## Problem requirements
Look at the data below and print exactly the lines from its first line through the line with "When you look"; the pictures stay out of the copy.
──────── Data records
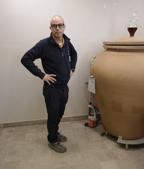 The grapes are fermented in small concrete tanks crammed into the next room, with flat pack boxes stuffed into various nooks and crannies. For those for whom hygiene in the cantina is essential these tight grubby spaces would be a nightmare, but Renato and Chiara’s wines are remarkable; fragrant, fruity with soft tannins and great depth.
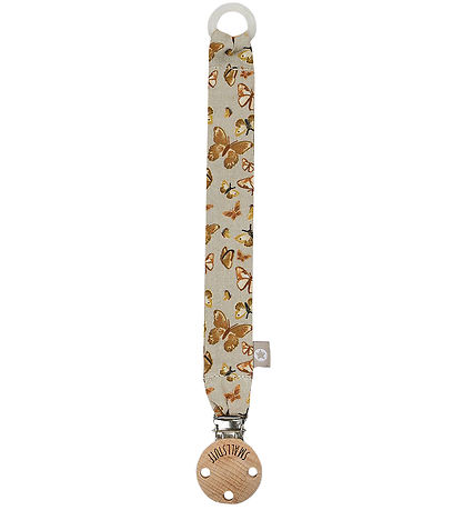 Practical Smallstuff dummy clip in beige with an allover print of butterflies in shades of brown.
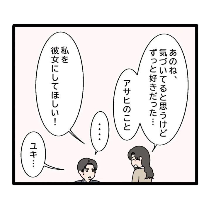 私は「あのね、気づいてると思うけど、ずっと好きだった・・アサヒのこと」と勇気を出して告白しました。驚いた表情で黙るアサヒに「私を彼女にしてほしい!」と言うと、アサヒはちょっと困ったように「ユキ・・」と言いました。
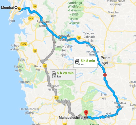 When you look for the route from Mumbai to Mahabaleshwar on Google maps you get the following two options.
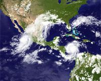 Mexico City (AFP) Sept 4, 2007 The leading edge of Hurricane Henriette, packing winds of 120 miles (193 kilometers) an hour, began lashing Mexico's Baja California Sur peninsula at 1636 GMT, the National Weather Service said Tuesday. Henriette's wrath was being felt after Hurricane Felix slammed ashore earlier Tuesday in Nicaragua at the topmost intensity on the Saffir-Simpson scale. Heavy rains were expected to lash the coast dotted with resorts from Santa Rosalia to La Paz, the service said. More than 2,000 people had been evacuated ahead of the storm's arrival. While still a tropical storm, Henriette left seven people dead over the weekend amid widespread mudslides along Mexico's southern and southeastern Pacific coast. Felix roared into northeastern Nicaragua with maximum sustained winds of 260 kilometers (160 miles) per hour, and higher gusts, according to the Miami-based National Hurricane Center.
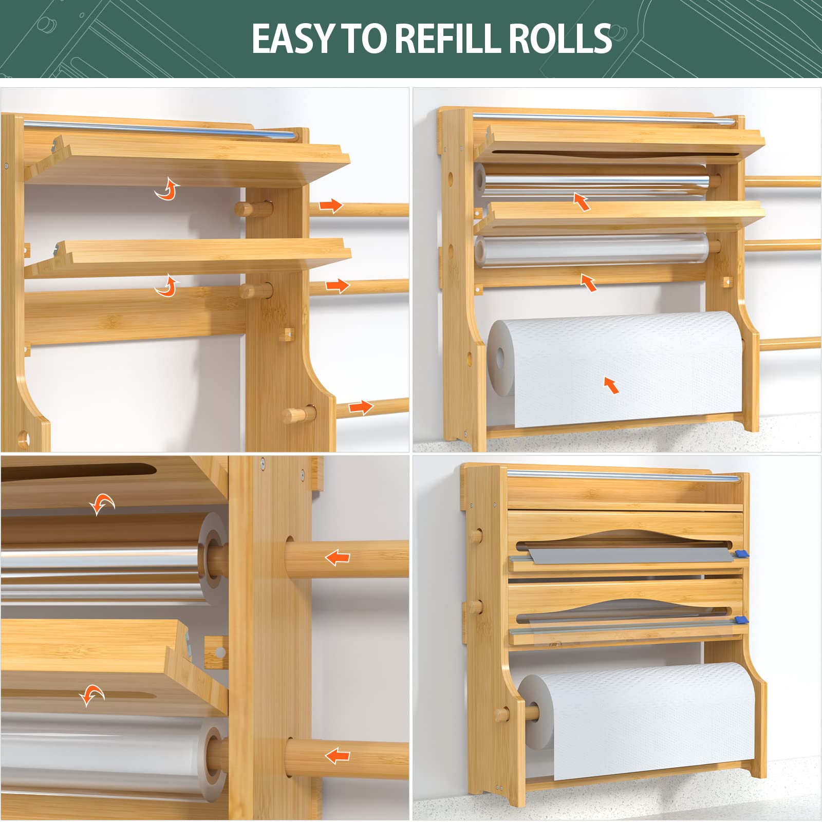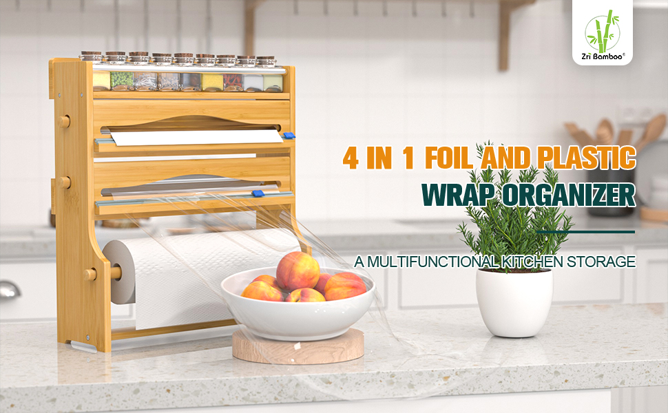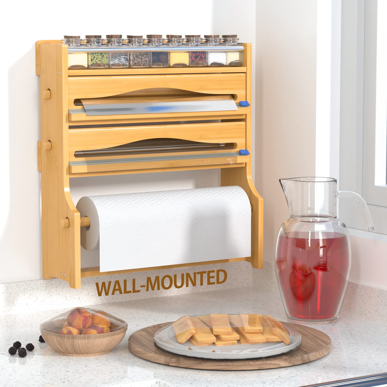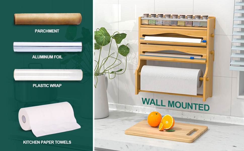 2 dispensers for parchment paper, wax paper, foil, and cling wrap,1 spice shelf, and 1 kitchen paper towel holder.
────────────────
## Task solution
 The grapes are fermented in small concrete tanks crammed into the next room, with flat pack boxes stuffed into various nooks and crannies. For those for whom hygiene in the cantina is essential these tight grubby spaces would be a nightmare, but Renato and Chiara’s wines are remarkable; fragrant, fruity with soft tannins and great depth.
 Practical Smallstuff dummy clip in beige with an allover print of butterflies in shades of brown.
 私は「あのね、気づいてると思うけど、ずっと好きだった・・アサヒのこと」と勇気を出して告白しました。驚いた表情で黙るアサヒに「私を彼女にしてほしい!」と言うと、アサヒはちょっと困ったように「ユキ・・」と言いました。
 When you look for the route from Mumbai to Mahabaleshwar on Google maps you get the following two options.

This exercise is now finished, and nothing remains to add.